13.2 If the Customer cancels delivery of Goods the Customer shall be liable for any and all loss incurred (whether direct or indirect) by Grip Services as a direct result of the cancellation (including, but not limited to, any loss of profits).
13.3 Cancellation of orders for Goods made to the Customer’s specifications, or for items not contained on the stock list, will not be accepted once production has commenced, or an order has been placed.

14. Privacy Policy
14.1 A copy of Grip Services’ Privacy Policy can be found on www.gripservices.com.au or alternatively, a hard copy can be provided upon written request.

15. Unpaid Seller’s Rights
15.1 Where the Customer has left any item with Grip Services for repair, modification, exchange or for Grip Services to perform any other service in relation to the item and Grip Services has not received or been tendered the whole of any moneys owing to it by the Customer, Grip Services shall have, until all moneys owing to Grip Services are paid:
(a) a lien on the item; and
(b) the right to retain or sell the item, such sale to be undertaken in accordance with any legislation applicable to the sale or disposal of uncollected goods.
15.2 The lien of Grip Services shall continue despite the commencement of proceedings, or judgment for any moneys owing to Grip Services having been obtained against the Customer.

16. General
16.1 These terms and conditions and any contract to which they apply shall be governed by the laws of the state New South Wales and each party submits to the non-exclusive jurisdiction of the courts in the State of New South Wales.
16.2 Neither party shall be liable for any default due to any act of God, war, terrorism, strike, lock-out, industrial action, fire, flood, storm or other event beyond the reasonable control of either party.
16.3 The Customer warrants that it has the power to enter into this agreement and has obtained all necessary authorisations to allow it to do so, it is not insolvent and that this agreement creates binding and valid legal obligations on it.
16.4 The Customer agrees that Grip Services may amend these terms and conditions at any time.

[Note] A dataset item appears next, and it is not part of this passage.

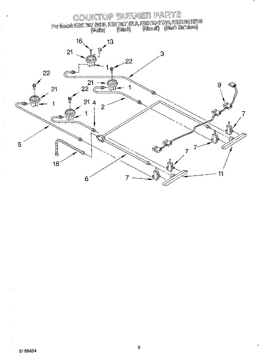 Gas cooktop burner orifice controls fuel flow to the burner. Located in the burner base under the burner head. Used in gas-to-propane conversions.

If Grip Services makes a change to these terms and conditions, then that change will take effect from the date on which Grip Services notifies the Customer of such change. The Customer will be taken to have accepted such changes if the Customer makes a further request for Grip Services to provide Goods to the Customer.
16.5 The failure by Grip Services to enforce any provision of these terms and conditions shall not be treated as a waiver of that provision, nor shall it affect Grip Services’ right to subsequently enforce that provision. If any provision of these terms and conditions shall be invalid, void, illegal or unenforceable the validity, existence, legality and enforceability of the remaining provisions shall not be affected, prejudiced or impaired.
16.6 Subject to clause 11, Grip Services shall be under no liability whatsoever to the Customer for any indirect and/or consequential loss and/or expense (including loss of profit) suffered by the Customer arising out of a breach by Grip Services of these terms and conditions (alternatively Grip Services’ liability shall be limited to damages which under no circumstances shall exceed the Price of the Goods).
16.7 The Customer shall not be entitled to set off against, or deduct from the Price, any sums owed or claimed to be owed to the Customer by Grip Services nor to withhold payment of any invoice because part of that invoice is in dispute.
16.8 Grip Services may license or sub-contract all or any part of its rights and obligations without the Customer’s consent.
16.9 These terms and conditions shall prevail to the extent of any inconsistency with any other document or agreement between the Customer and Grip Services.